さてさて、皆様いかがお過ごしでしょうか?私は今月も休みが無いのか、はたまた1日くらいはたなぼた的に降り注ぐのかなんて考えながらの毎日です。独身だからやっていけているものの、奥さんいたらとっくに家出をしとりますわ。

「そんなに仕事が好きなら仕事と結婚すればいいでしょ!!」

って言われそうです。「両方好きなのよ~…。」とか言いながら泣きますよ、きっと。ああ、だから結婚できないんだ!…ま、20代も数年残ってる事だし、結婚はまだ早いか。うんうん、そうだそうだ…きっとそうなんだ、同級生が次々と結婚してるけど、きっと夢に違いない!あはははっ!(←現実から羽ばたいた瞬間)

…は!?ココは誰?私はドコ?
…今日は専門分野に突入です。

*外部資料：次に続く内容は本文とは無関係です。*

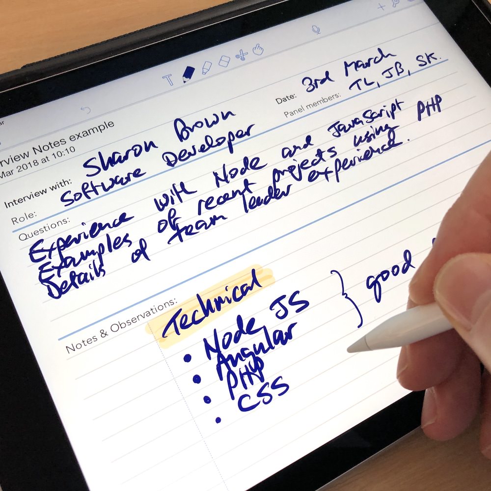 There are a range of note taking apps which allow a PDF template to be used underneath the hand written notes. This enables a paperless workflow to be created meaning that you will capture and store your interview notes without paper.
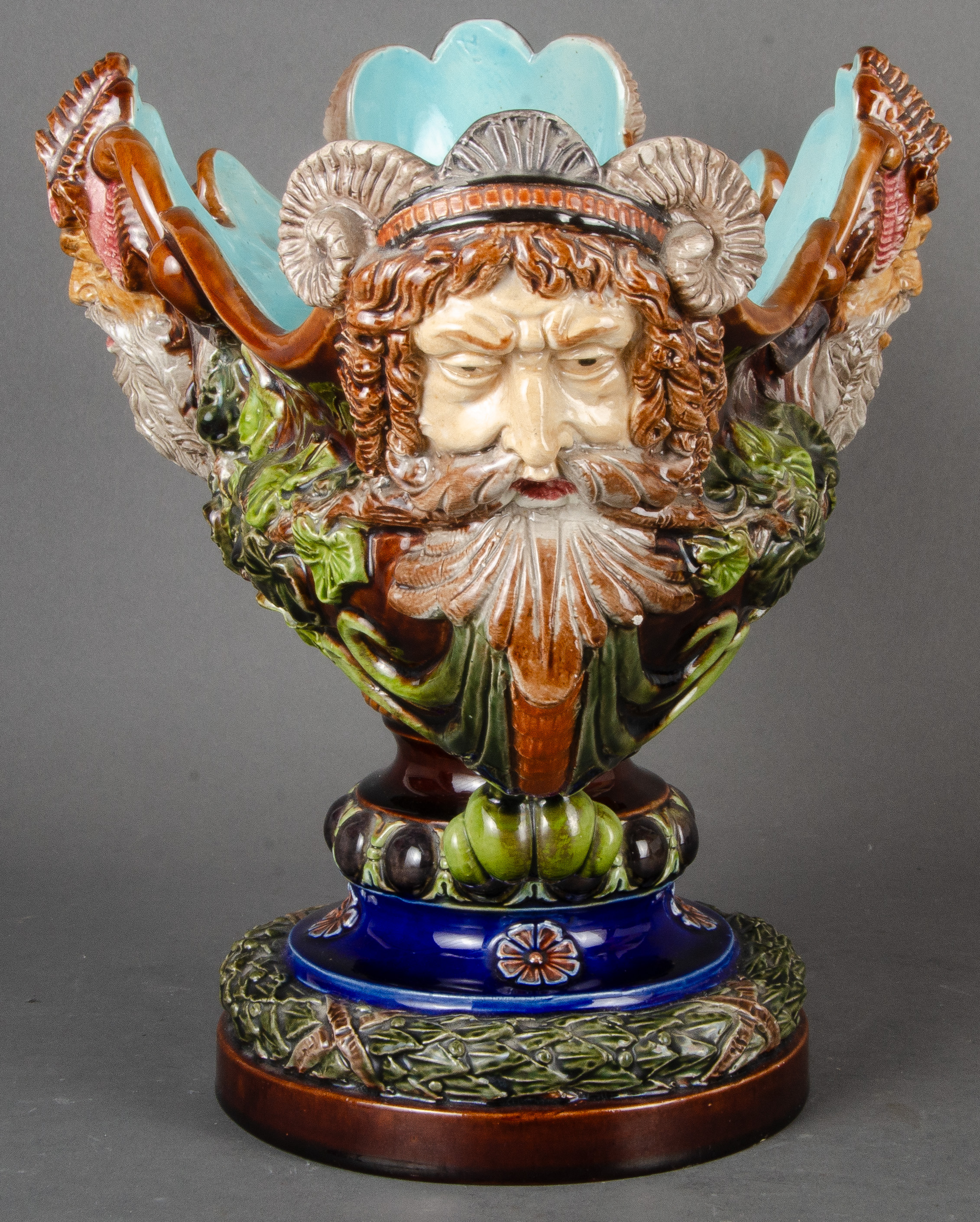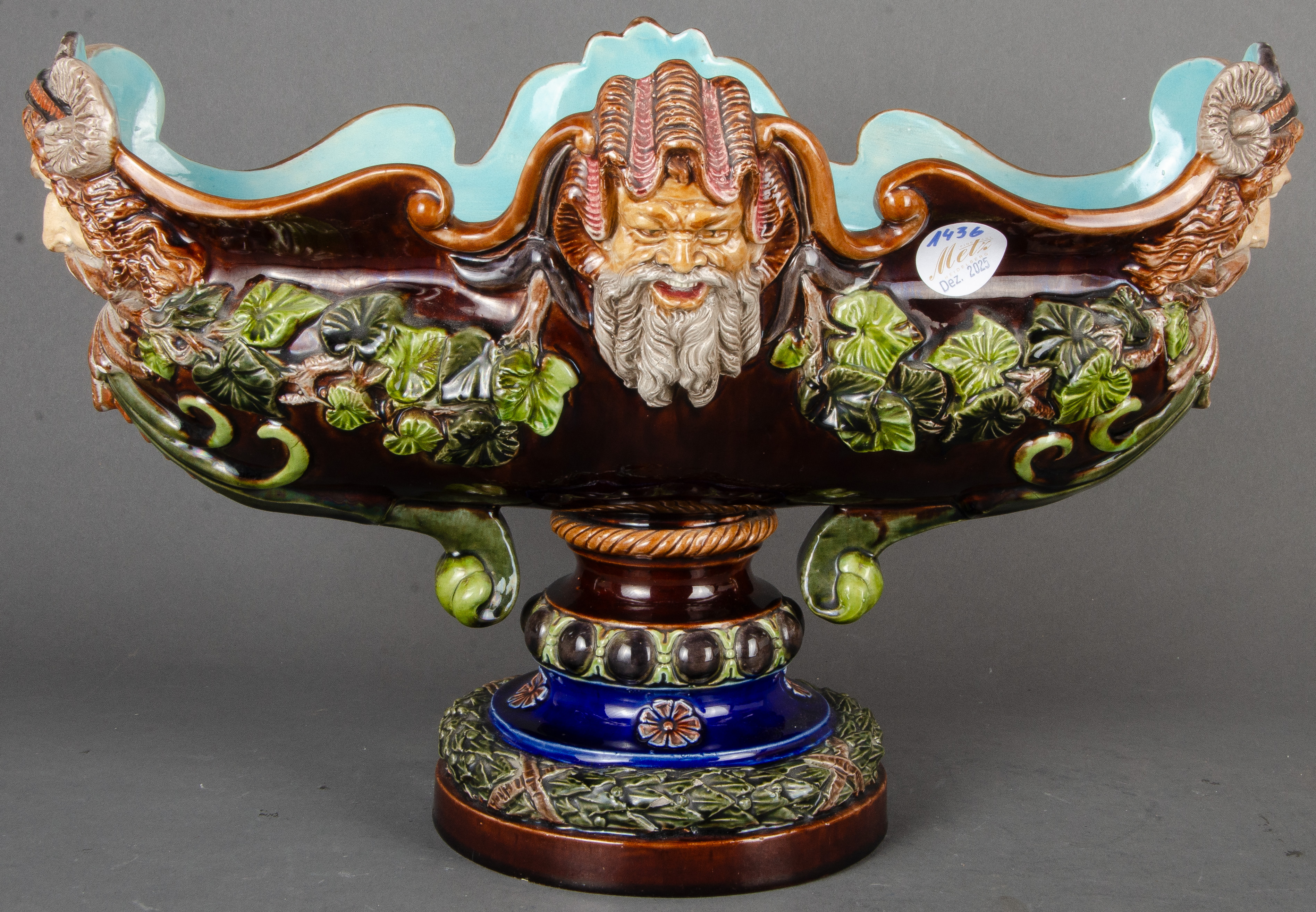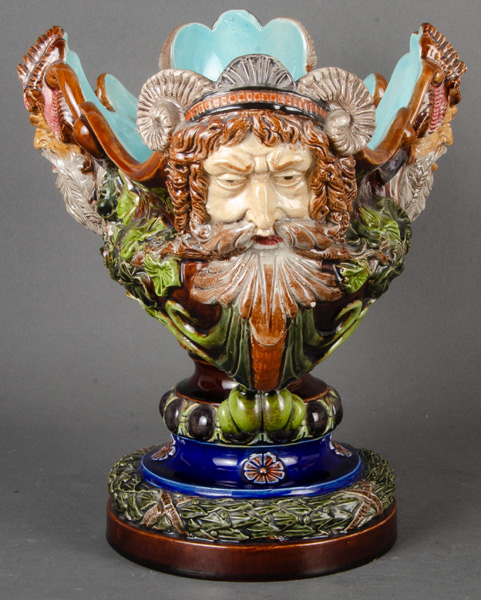 - Katalog-Nr: 1436Großer Prunktafelaufsatz. Wohl Saargemünd um 1900. Feinsteinzeug, aufwendig modelliert; ohne Marke, H=28 cm, B=41 cm, T=21 cm.o.L.

そんなに難しい事は書かないつもりですが、漫画抜きなのでつまらない&わからないかもしれません。おまけに長いです。興味ある方は、その辺を了承の上続きを読んでくださいませ。


今回は、自閉症についての基礎的な説明をします。そもそも、自閉症だけで分厚い本が書けちゃうくらい深い分野なので、事例なんかとかは別の機会で書きたいと思っとります。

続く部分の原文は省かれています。